Читать книгу Впереди идущие - Алексей Новиков - Страница 3
Часть первая
Глава третья
ОглавлениеНад Петербургом опустились ранние февральские сумерки. Густым туманом клубятся улицы. Как бесплотные тени движутся прохожие. Мелькнет молчаливая тень – и снова скроется в белесой мгле. Только и слышно, как отбивают четкую дробь чьи-то тяжелые каблуки или старость выдаст себя натруженными шагами; властным звоном объявят о себе гвардейские шпоры, да бойкой скороговоркой откликнутся им женские сапожки.
Все гуще клубится туман, а столица живет привычной жизнью.
К театрам спешат кареты. Если блеклый луч уличного фонаря успеет заглянуть в зеркальное стекло, за стеклом обозначится кокетливый капор, а под капором – чуть вздернутый носик и свежие, пухлые губы. Но какой дьявол шутит свои шутки на улицах, объятых зловещим маревом? Когда успела красавица превратиться в безобразную старуху? А старуха тоже исчезает, как призрак. Кареты катятся одна за другой; невидимые кучера все чаще покрикивают с невидимых козел: «Эй, берегись!»
В семейных домах, где назначены балы, девицы на выданье обдумывают наряды и ведут доверительные беседы с зеркалом. Кто пригласит сегодня на первый вальс? От сладостного волнения вздымается грудь, а зеркало равнодушно отражает потаенные прелести, которые вот-вот будут в меру прикрыты от любопытных глаз воздушным кружевом и батистом.
Все идет в столице привычной чередой. Ярче вспыхивают парадные огни. А там, где ютится беднота, там лежит на слепых оконцах грязная наледь. Туман оседает на ней мелкими каплями, капли собираются в мутные ручьи. Кажется, что плачут кособокие домишки. О чем? Бог весть. Ни к чему знать, как коротают время люди, для которых нет в Петербурге ни театров, ни балов, ни беспечной юности, ни достатка.
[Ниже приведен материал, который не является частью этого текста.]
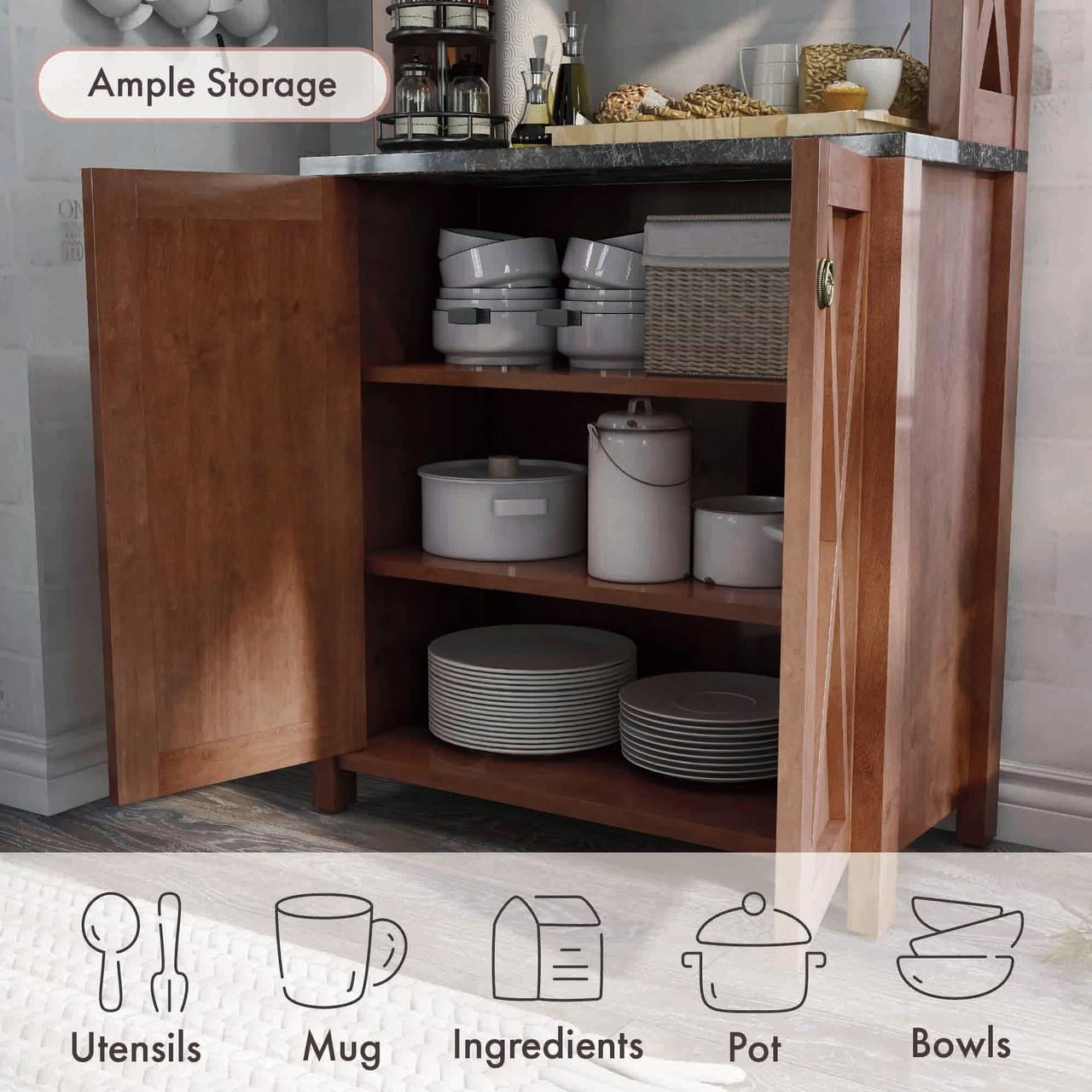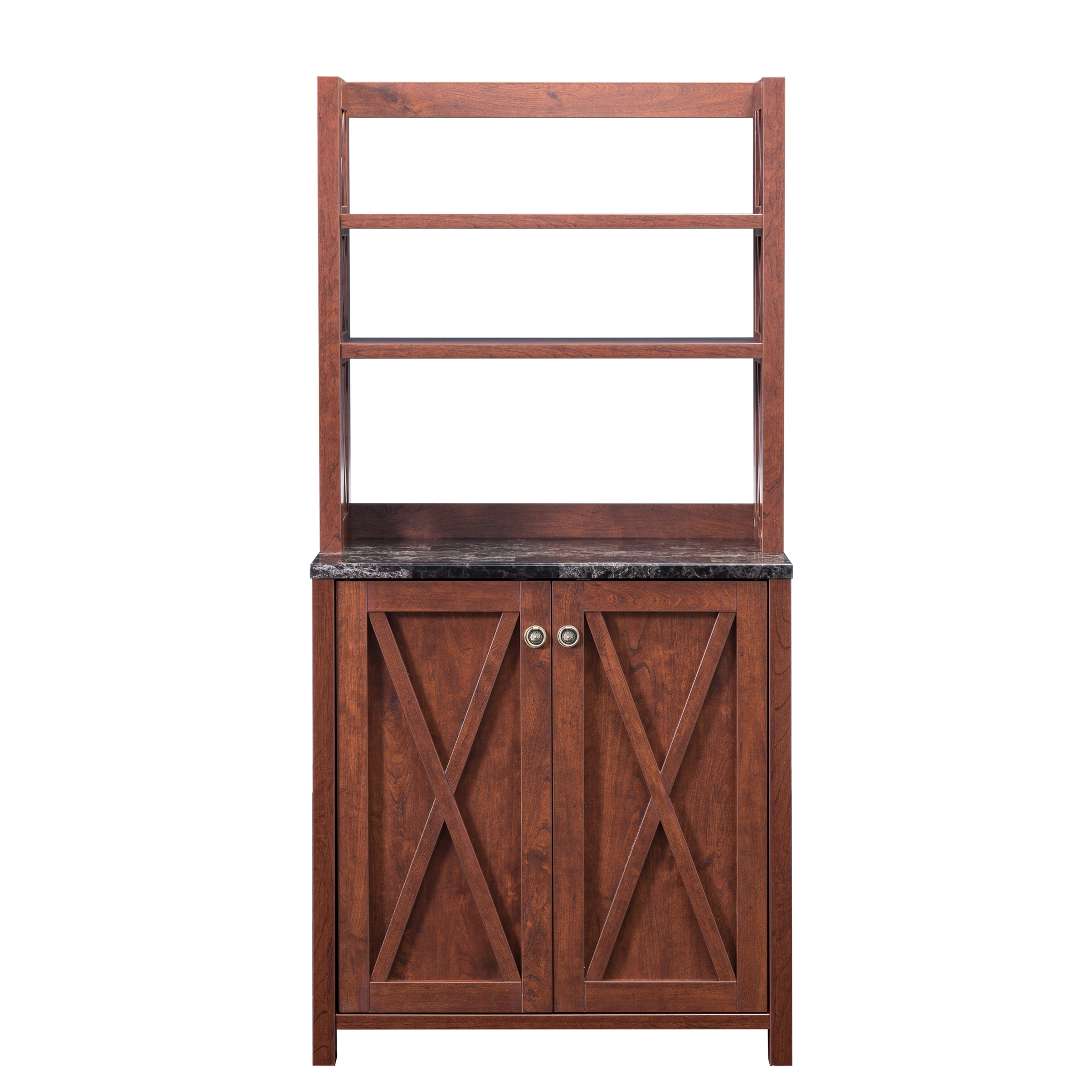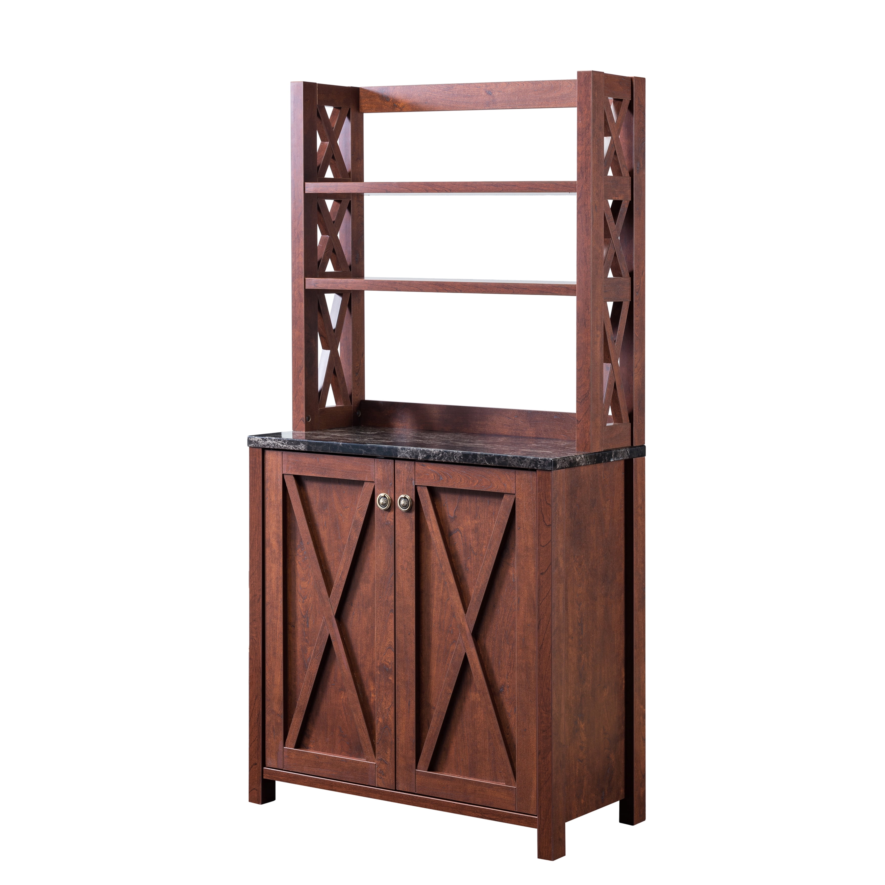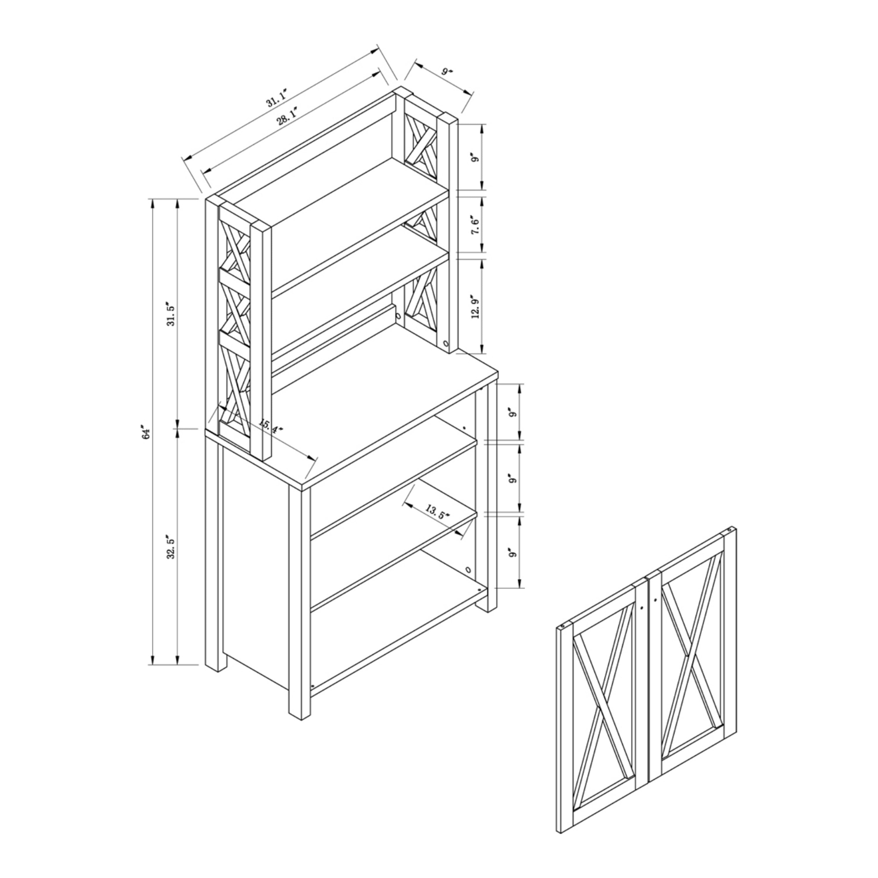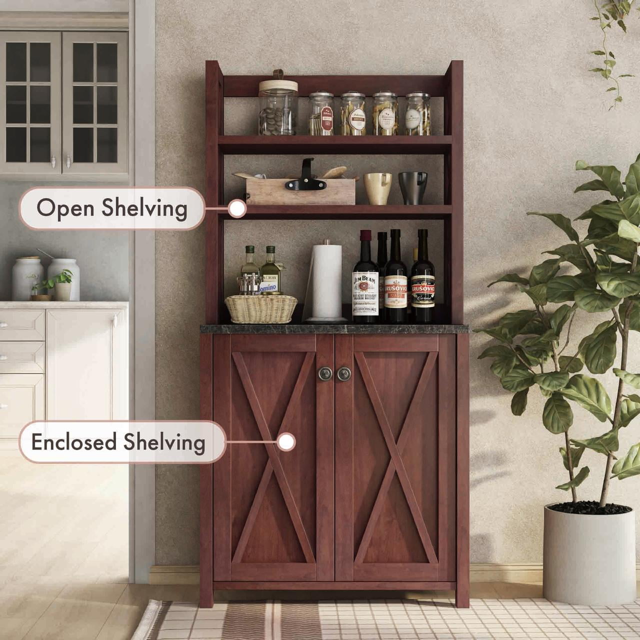 Furniture of America Wilkes Rustic 2-Door Bakers Rack, Vintage Walnut Includes: One (1) baker’s rack Style: Rustic Finish: Vintage Walnut Material: Particle Board, MDF Two (2) upper open shelves Barn inspired criss-cross paneling Faux marble prep area Comes with assembly instructions Ships in 1 box Dimensions & Weights: Overall dimensions: 31″W x 15.25″D x 64″H Weight capacity: 50 lbs Product weight: 82 lbs Click here to view the assembly guide About Furniture of America Furniture of America® is proud to be the family friend that always has your back. We’re more than just a business. Our customer care team is part of a larger FOA community dedicated to delivering a happy home. So browse our selection and invite warmth and character into every room in your home.
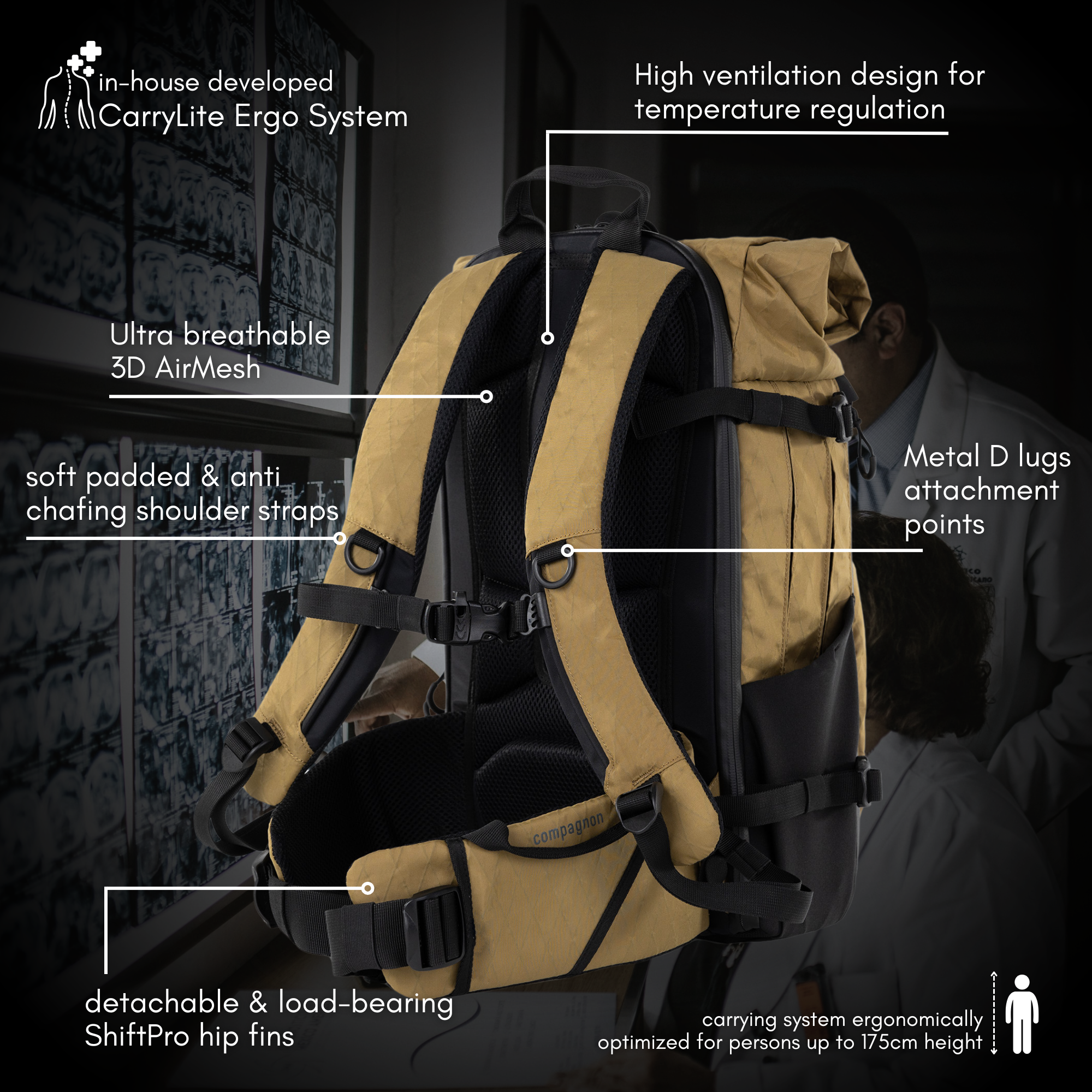 carrying system developed by us for uniquely back-friendly comfort on a camera backpack. Supplemented with practical features & premium materials.
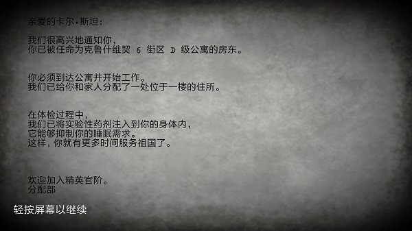 极权政府控制了个人和公共生活的每一个方面。法律是压制性的。监视就是全部。隐私已死。你是政府安插在公寓楼里的经理。你的日常工作是让公寓楼成为来来去去租户的甜蜜窝。
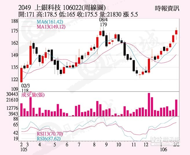 上銀(2049)因景氣好轉(zhuǎn)、大陸對智慧自動化及機器人需求持續(xù)升溫,滾珠螺桿、直線導(dǎo)軌及機器人等三大主力產(chǎn)品首季訂單滿載,訂單能見度看到4、5月,元月營收創(chuàng)同期次高,上周五吸引外資及自營商合計買超1,971張,推升股價上漲3.5元、收175.5元,單周漲幅3.24%。
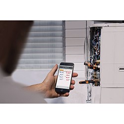 Компания Testo предлагает Вам максимальную мобильность при проведении измерений: смарт-зонд манометр высокого давления testo 549i, разработанный для применения со смартфоном или планшетом, идеален для пусконаладки, сервисного обслуживания и диагностики холодильных систем и кондиционеров, и для этого Вам не потребуется ни единого провода. Измерительный прибор быстро и легко устанавливается на самой системе под давлением. testo 549i существенно упрощает работу с удаленными друг от друга точками замера, поскольку все измеренные значения передаются на смартфон или планшет по беспроводному каналу. Не менее практично и полностью бесшланговое подсоединение прибора к системе, что обеспечивает минимальные потери хладагента. При одновременном использовании с термометром для труб (зажимом) testo 115i также возможен расчет отдельных параметров холодильных систем.
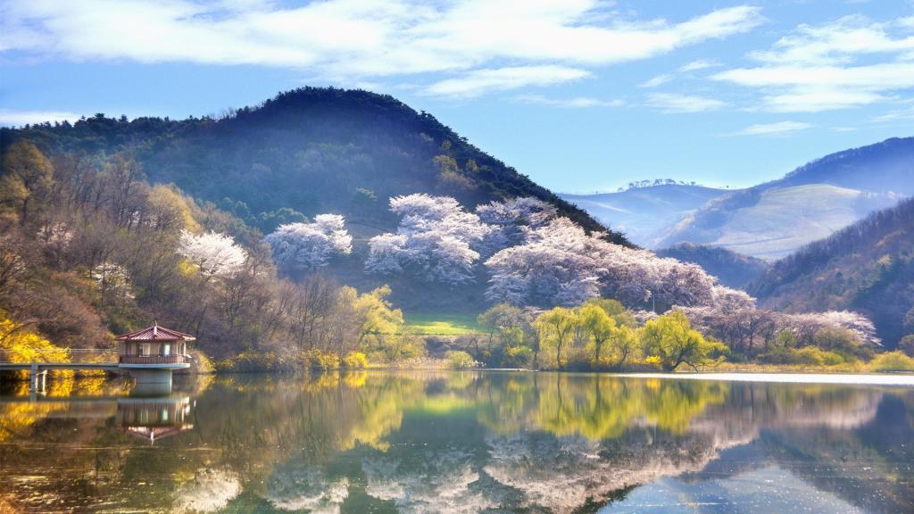 湖泊呈现的唯美倒影

Вот уж и на дальних улицах, на задних дворах, во флигелях и в подвалах перемигиваются ожившие оконца, словно сами дивятся: батюшки-светы, сколько же канцелярского племени расплодилось в столице!
А поутру снова высыпает на улицу служивая мошкара и трусит в должность.
Бывает, что несет от незадачливого чиновника странным составом, в котором перемешались запахи застойной плесени, лука и сивушного перегара. Вызовет его к себе начальственное лицо для очинки перьев и скажет, помахивая рукой: «Встань-ка ты, братец, подальше!..» Если же особо чувствительно начальственное лицо в рассуждении чистоты атмосферы, тогда будет грозно махать обеими руками: «Эк ты пропитался, скотина! Ступай на место!» И шмыгнет виновный в дальний угол канцелярии и будет шуршать бумагами, как запечный таракан.
Конечно, есть в столице и такие присутственные места, где даже последняя сошка может взять благодарность с просителя или протесниться к казенному пирогу. Только не каждому ворожит судьба. У тех, кто сидел когда-то со счастливцем за одним столом и писал таким же обгрызенным гусиным пером, ничего не изменилось. У холостого – все тот же картуз с табаком на колченогом столе. У женатого – не пустует зыбка. А наследники, что подросли, путешествуют под стол собственным ходом или копошатся летом на пыльных задворках. Играют наследники в свайку и не ведают, что жить им, как родителю, у той же чернильной банки да владеть при удаче разве что новым гусиным пером.
Но коротко в Петербурге летнее тепло, долги осени и зимы. Наглухо закрываются тогда убогие оконца; кропят их дожди, слепят снега, точат туманы.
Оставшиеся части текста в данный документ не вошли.